My authentic self - i should have shut up

 Well... part of being authentic...


What is authentic anyway? 


Genuine 


What is genuine? 


truly what something is said to be; sincere 


What is sincere?


(of a person) saying what they genuinely feel or believe; not dishonest or hypocritical.


Ok now that we got that out of the way... part of being sincere is to say what i genuinely believe. 


Yesterday i felt so much anger and fear. 


Today i am saddened and yet hopeful

I am saddened because i let my own fear post on social media about "where are the trumpets?" I guess if we are talking about genuineness then i did mean it. But what i didn't really want to do was hurt someone. I sat by and saw on my Facebook when people had lots to say about people protesting about black lives that matter and yet when there was a riot at the capital building all those people were silent. Now maybe if you were one of those people you'll say "i was praying" but why weren't you silent before while you were praying? 

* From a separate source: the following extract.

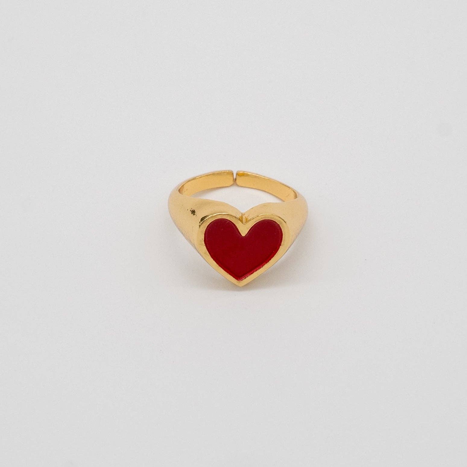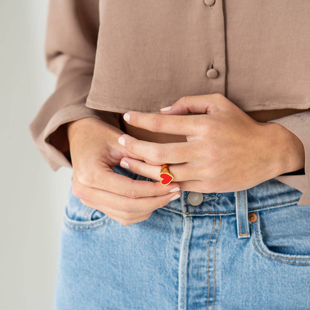 This handmade Heart Ring will be the perfect statement piece to make you stand out this season. The bold red and bright gold combination completes any day or night look!
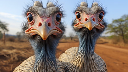 Portrait of ostrich showing personality in modern eco conscious farming.

I'm sad, because Honestly I'll never understand why people are so willing to stand behind a TV personality. I'll never understand why a man who made fun of handicapped people and abused women is someone they will defend. Maybe it's because those people think (I'll use this term very loosely) he's good for the economy. If you are a Christian I'd ask you about how The Bible says you cannot serve two masters, it's either God or money. I'd also like to open your eyes to the fact that the stock market doing well is not the same as the economy doing well. 

I am hopeful because i did see a lot of people that did say that what happened wasn't ok. I watched the senate meet, and while it may have been too little too late in the eyes of some, i saw some division dissolve, and the man who was elected President was passed in the electoral college. 

I'm hopeful because the world can be changed with love and every day that we take a step forward in love we are better for it. 


So if i offended you or hurt you, for that i am sorry. But I'm telling you, i will be genuine and authentic and i will call you out if you say one thing but act another way, just as people do to me. 


Also i have decided that i am moving past the "unfollow" button, and i may just unfriend you on Facebook for my own peace of mind (i have unfriended some people because I was embarrassed to have them on my "friends list" and you can unfriend me if you'd like i know  too much for some people and not enough to for others, but I'll continue to work on who God created me to be.